> _DESCRIPTION OF THE TASK_: Please restate, exactly, only the lines from the beginning of the listing below through the line containing "من جهتها تدخلت", with the pictures left out.

> _DATA UNDER STUDY_:
===============

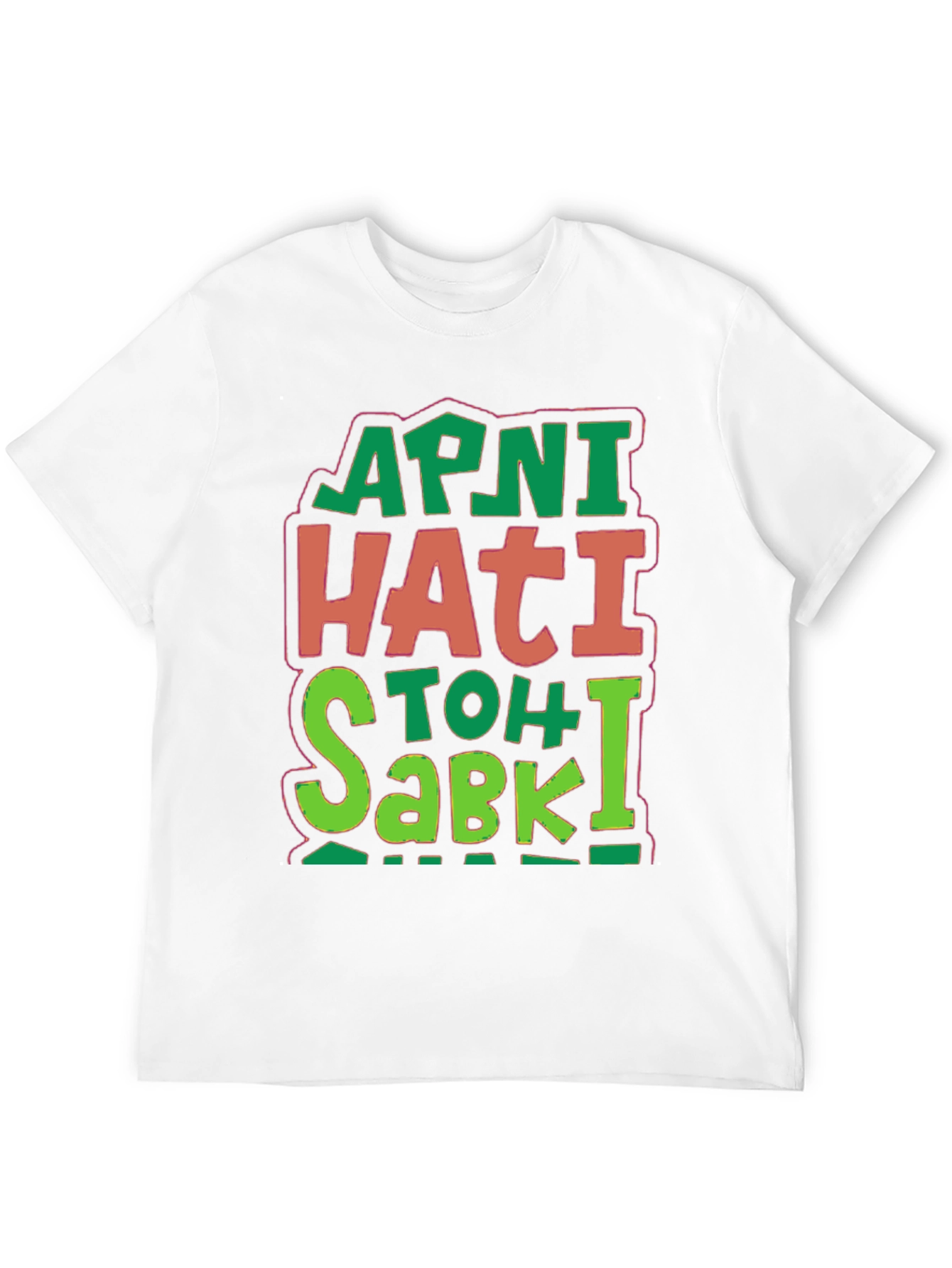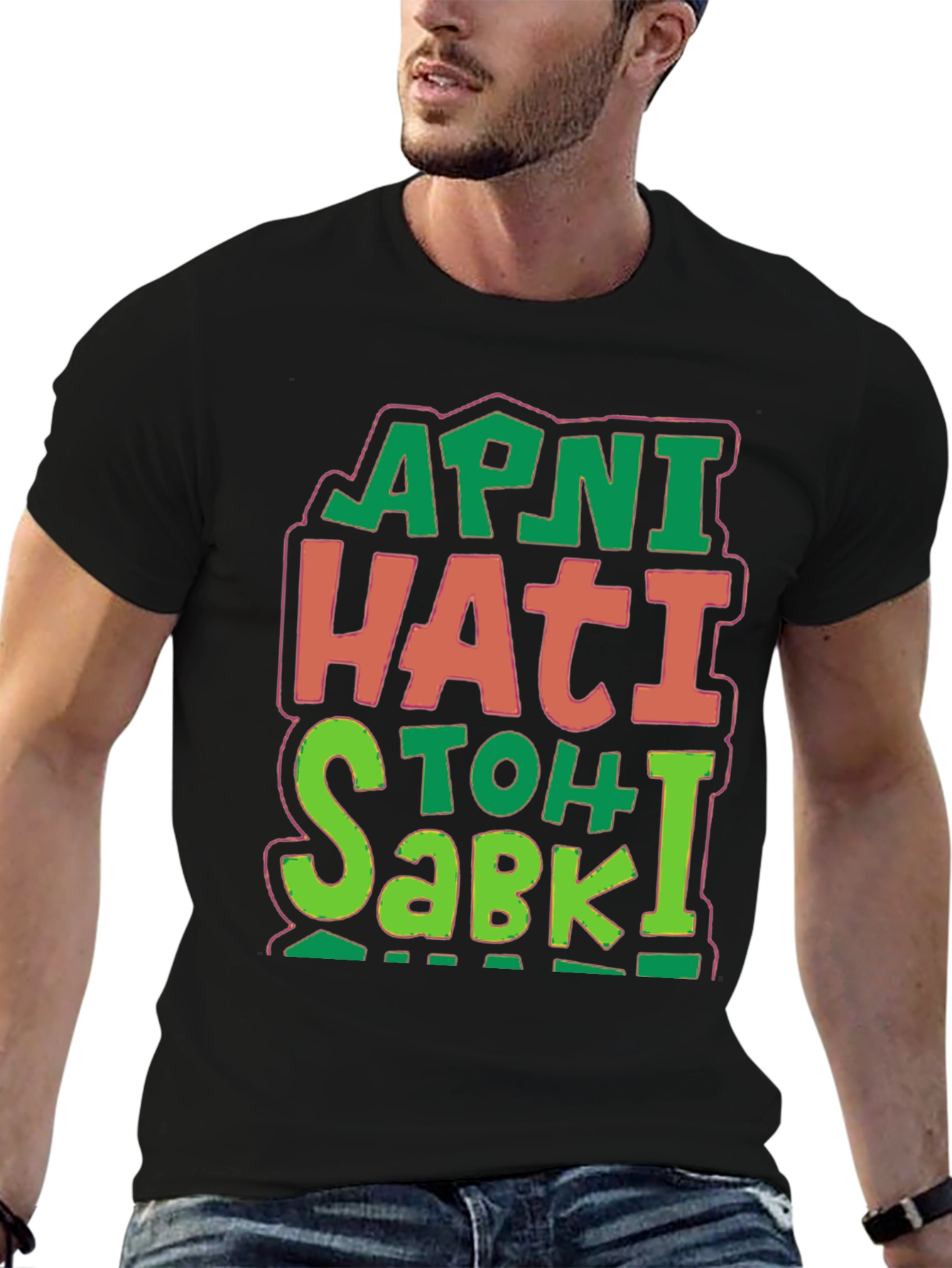 Luce un estilo único con esta llamativa camiseta negra. Fabricada en un material suave al tacto, esta prenda ofrece comodidad y estilo en partes iguales. El diseño presenta un estampado colorido con las palabras "APNI HATI TOH SABKI" en letras verdes y naranjas con un contorno fucsia, creando un contraste vibrante sobre el fondo negro. Perfecta para un look casual y desenfadado, esta camiseta es ideal para llevar en el día a día, salir con amigos o simplemente relajarte en casa. Combínala con tus jeans o pantalones favoritos para un outfit moderno y lleno de personalidad. Destaca entre la multitud con esta declaración de estilo audaz y original.
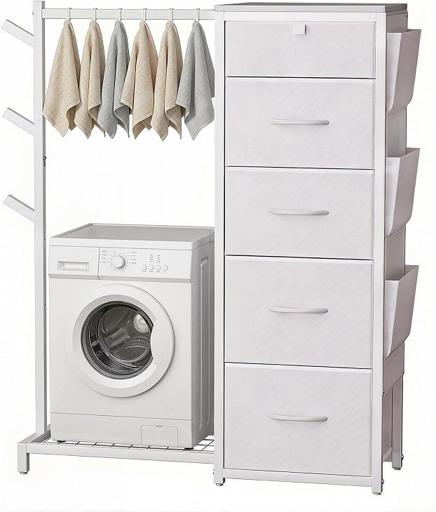 luxspire 5 Fabric Drawers & 3 Coat Racks & Side Pockets Small Dresser - white (model: HC250085)
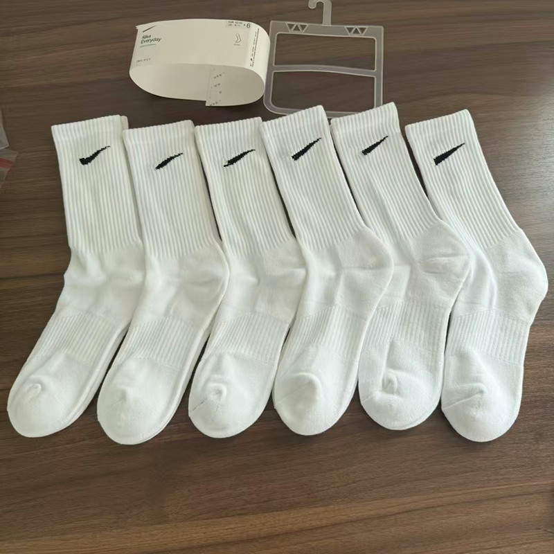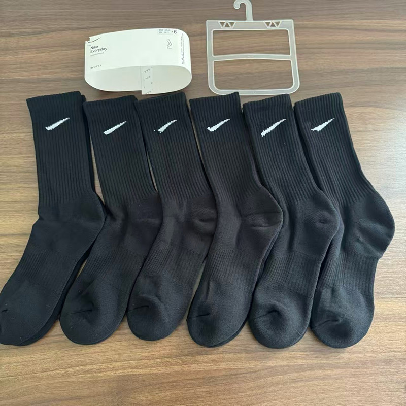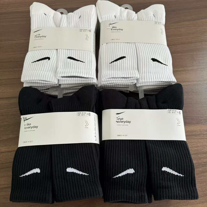 新款跨境苏万奈斯克毛巾底吸汗透气防滑黑白纯棉袜子六双装
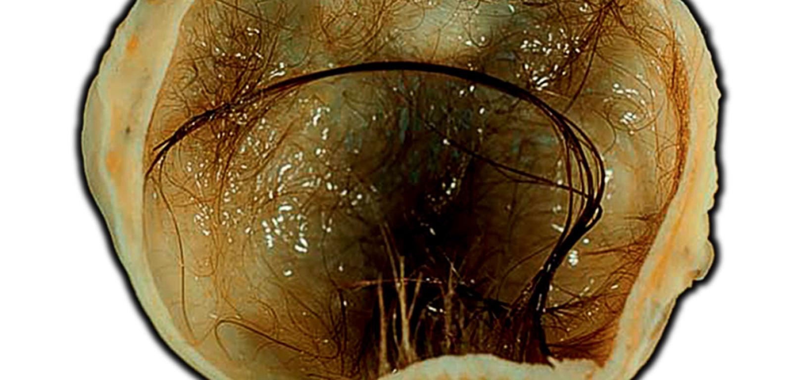 Nowotwór znaleziony przypadkiem podczas operacji wyrostka robaczkowego miał średnicę 10 cm. Gdy go przekrojono, okazało się, że zawiera miniaturowy mózg (impulsy elektryczne „przeskakiwały” z jednego neuronu na drugi), włosy i coś wyglądającego na cienką czaszkę. Wiadomo, że około 20% guzów jajnika zawiera obce tkanki, w tym włosy, zęby, chrząstki, tłuszcz czy mięśnie. Takie nowotwory są niezłośliwe, a nazywa się je potworniakami. Ekstremalnie rzadko komórki organizują się w uporządkowane struktury typu mózg.
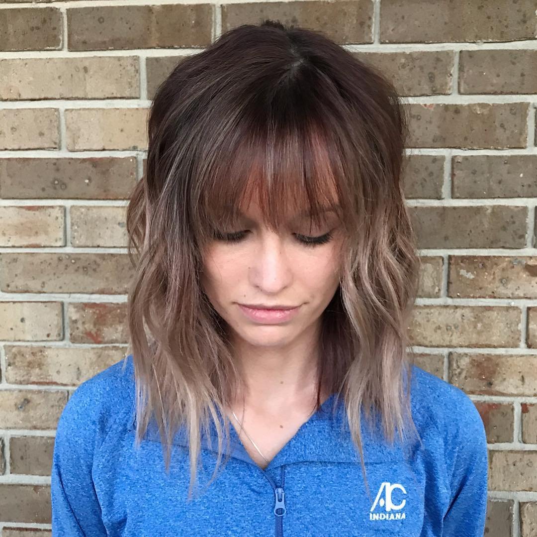 Боковые челки – это фантастический способ добавить визуальный угол к вашей форме лица, сохраняя при этом лоб и брови открытыми. Хотя этот тип челки может быть довольно гибким с точки зрения длины и текстуры, мы хотим, чтобы вы сосредоточились на комбинации боковой челки и каре средней длинны. Эти челки не только органично сочетаются с остальной частью волос, но и служат прекрасным дополнительным элементом к их внешнему виду. Чтобы воссоздать этот стиль, вам нужно сделать слегка многослойную стрижку.
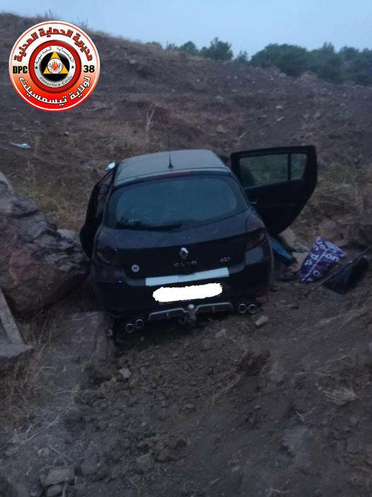 من جهتها تدخلت وحدات الحماية المدنية لولاية تيسمسيلت بالطريق الولائي رقم 05 وبالتحديد بدوار أولاد بوضاف التابع إقليميا لبلدية بني شعيب دائرة برج بونعامة من أجل حادث مرور تمثل في انحراف سيارة واصطدامها بحاجز إسمنتي. أسفر عن وفاة شاب عمره 33 سنة بمكان الحادث وإصابة شخصين تتراوح أعمارهما 48 و62 سنة يعانيان من إصابات متفاوتة الخطورة تم إسعافهما وتحويلهما نحو مصلحة الاستعجالات بمستشفى برج بونعامة.
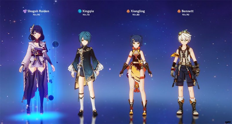 - Raiden / Xingqiu / Xiangling / Bennett:これは深淵で最も人気のあるチームです!それらを使用すると、エレメンタル リアクションが増加します。
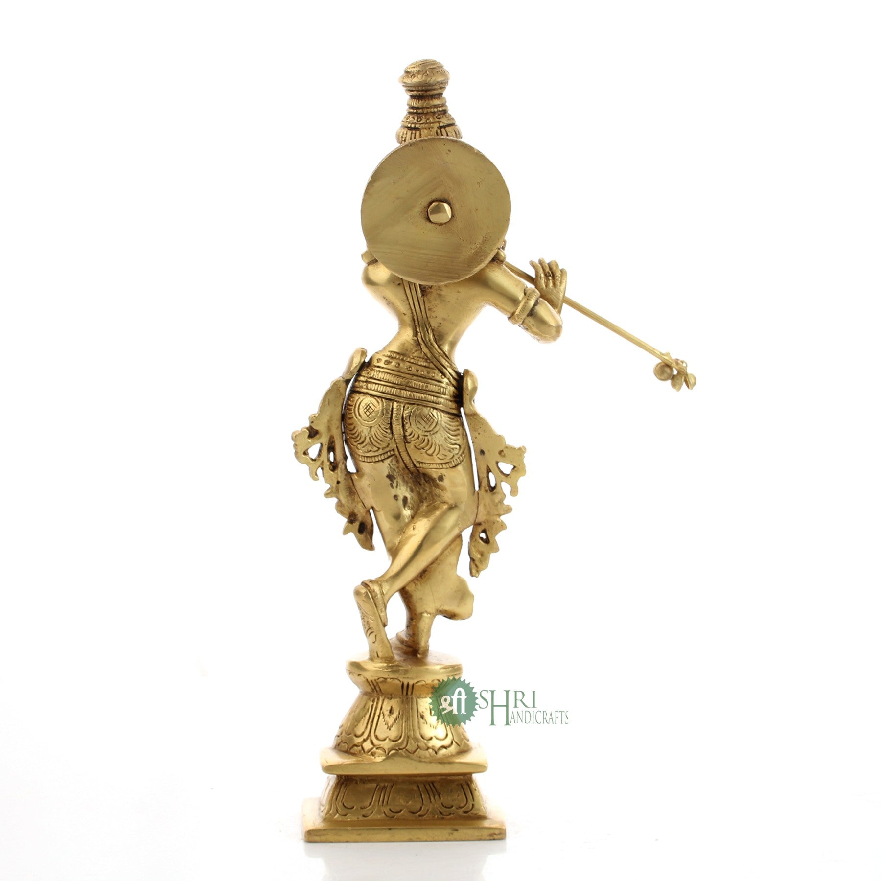 This Brass Krishna statue is not merely a decorative item; it's a symbol of love, joy, and divine music, resonating with the hearts of devotees and collectors alike. Ideal for placing in your home temple, living room, or as a serene addition to your office, it enhances the spiritual ambiance of your space. It serves as a perfect gift for festivals, housewarmings, or any occasion celebrating Indian culture and spirituality. Imbibe your surroundings with the divine melody and grace of Lord Krishna, making this sculpture a cherished part of your collection or a thoughtful gift for someone special.

===============

> _WRITTEN ANSWER_:
 Luce un estilo único con esta llamativa camiseta negra. Fabricada en un material suave al tacto, esta prenda ofrece comodidad y estilo en partes iguales. El diseño presenta un estampado colorido con las palabras "APNI HATI TOH SABKI" en letras verdes y naranjas con un contorno fucsia, creando un contraste vibrante sobre el fondo negro. Perfecta para un look casual y desenfadado, esta camiseta es ideal para llevar en el día a día, salir con amigos o simplemente relajarte en casa. Combínala con tus jeans o pantalones favoritos para un outfit moderno y lleno de personalidad. Destaca entre la multitud con esta declaración de estilo audaz y original.
 luxspire 5 Fabric Drawers & 3 Coat Racks & Side Pockets Small Dresser - white (model: HC250085)
 新款跨境苏万奈斯克毛巾底吸汗透气防滑黑白纯棉袜子六双装
 Nowotwór znaleziony przypadkiem podczas operacji wyrostka robaczkowego miał średnicę 10 cm. Gdy go przekrojono, okazało się, że zawiera miniaturowy mózg (impulsy elektryczne „przeskakiwały” z jednego neuronu na drugi), włosy i coś wyglądającego na cienką czaszkę. Wiadomo, że około 20% guzów jajnika zawiera obce tkanki, w tym włosy, zęby, chrząstki, tłuszcz czy mięśnie. Takie nowotwory są niezłośliwe, a nazywa się je potworniakami. Ekstremalnie rzadko komórki organizują się w uporządkowane struktury typu mózg.
 Боковые челки – это фантастический способ добавить визуальный угол к вашей форме лица, сохраняя при этом лоб и брови открытыми. Хотя этот тип челки может быть довольно гибким с точки зрения длины и текстуры, мы хотим, чтобы вы сосредоточились на комбинации боковой челки и каре средней длинны. Эти челки не только органично сочетаются с остальной частью волос, но и служат прекрасным дополнительным элементом к их внешнему виду. Чтобы воссоздать этот стиль, вам нужно сделать слегка многослойную стрижку.
 من جهتها تدخلت وحدات الحماية المدنية لولاية تيسمسيلت بالطريق الولائي رقم 05 وبالتحديد بدوار أولاد بوضاف التابع إقليميا لبلدية بني شعيب دائرة برج بونعامة من أجل حادث مرور تمثل في انحراف سيارة واصطدامها بحاجز إسمنتي. أسفر عن وفاة شاب عمره 33 سنة بمكان الحادث وإصابة شخصين تتراوح أعمارهما 48 و62 سنة يعانيان من إصابات متفاوتة الخطورة تم إسعافهما وتحويلهما نحو مصلحة الاستعجالات بمستشفى برج بونعامة.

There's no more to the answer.